— Ну, это как сказать! Вы начальник штаба, — не удержался и перебил его Серпилин.
— Не суть важна, — упрямо повторил Ртищев, — но я хочу вам сказать, что даже сейчас, после всех потерь, у нас в дивизии больше тридцати командиров, окончивших Омское пехотное училище, где Орлов прослужил десять лет, прежде чем пришел в дивизию, — его курсанты. Это, знаете ли, такой костяк, с которым стоит посчитаться, тут с традициями шутить нельзя. Может, я вам сначала и не больно по-умному долбил: «Орлов да Орлов!» Сознаюсь, хотел дать почувствовать. Отбросьте это! Но за этим стоят интересы дивизии.
— Согласен.
— Это суть дела, — сказал Ртищев и снова взглянул на Серпилина своими печальными глазами, которые сейчас, лишенные неприязни, стали еще печальнее. — А что касается меня лично, то я просто-напросто не могу пережить его смерти, и все тут. Угнетен ею.

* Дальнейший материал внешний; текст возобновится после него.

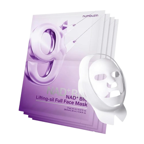 Numbuzin - Nº9 NAD Bio Lifting-sil Full Face Mask Set es una mascarilla facial innovadora que combina el poder del NAD (Nicotinamida adenina dinucleótido) con tecnología avanzada de silicona para proporcionar a la piel un efecto reafirmante y rejuvenecedor efectivo. La mascarilla apoya el proceso natural de regeneración de la piel y aporta hidratación y nutrición intensas, lo que resulta en una piel más firme, suave y juvenil.
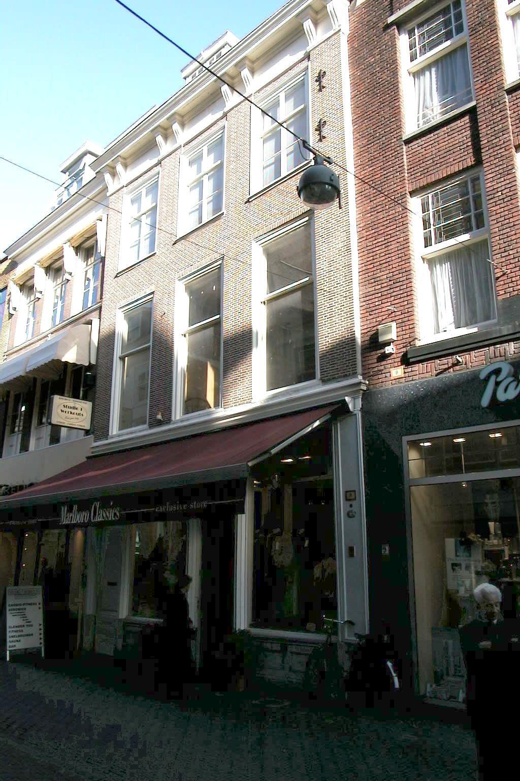 Pand ter breedte van drie vensterassen, bestaande uit parterre en twee verdiepingen. Lijstgevel van midden- 19de- eeuws karakter. Hardstenen plint met panelen, houten winkelpui uit de bouwtijd. Vensters met geprofileerde omlijstingen. De bovenste vensters hebben geprofileerde dorpels en zes- ruitsschuiframen. Houten kroonlijst met paarsgewijs geplaatste voluut- consoles. Dakkapel.

— Положим, так. А как дальше воевать будем?
— А воевать будем, военной грамоты из головы не вышибло, и смерти боюсь не больше, чем другие.
— Поедем в полки, — предложил Серпилин.
— А стоит ли? — спросил Ртищев. — Может, с утра?
— До света еще далеко — пять часов. Пока темно, полазаем по переднему краю, там, где днем не пройдешь. А с утра пойдем на наблюдательные пункты. Генерала Орлова, говорят, на НП убило? В каком полку?
— У Баглюка, — сказал Ртищев.
— А в какой полк комиссар уехал?
— Туда же, к Баглюку.
— Ну что ж, с Баглюка и начнем, — решил Серпилин.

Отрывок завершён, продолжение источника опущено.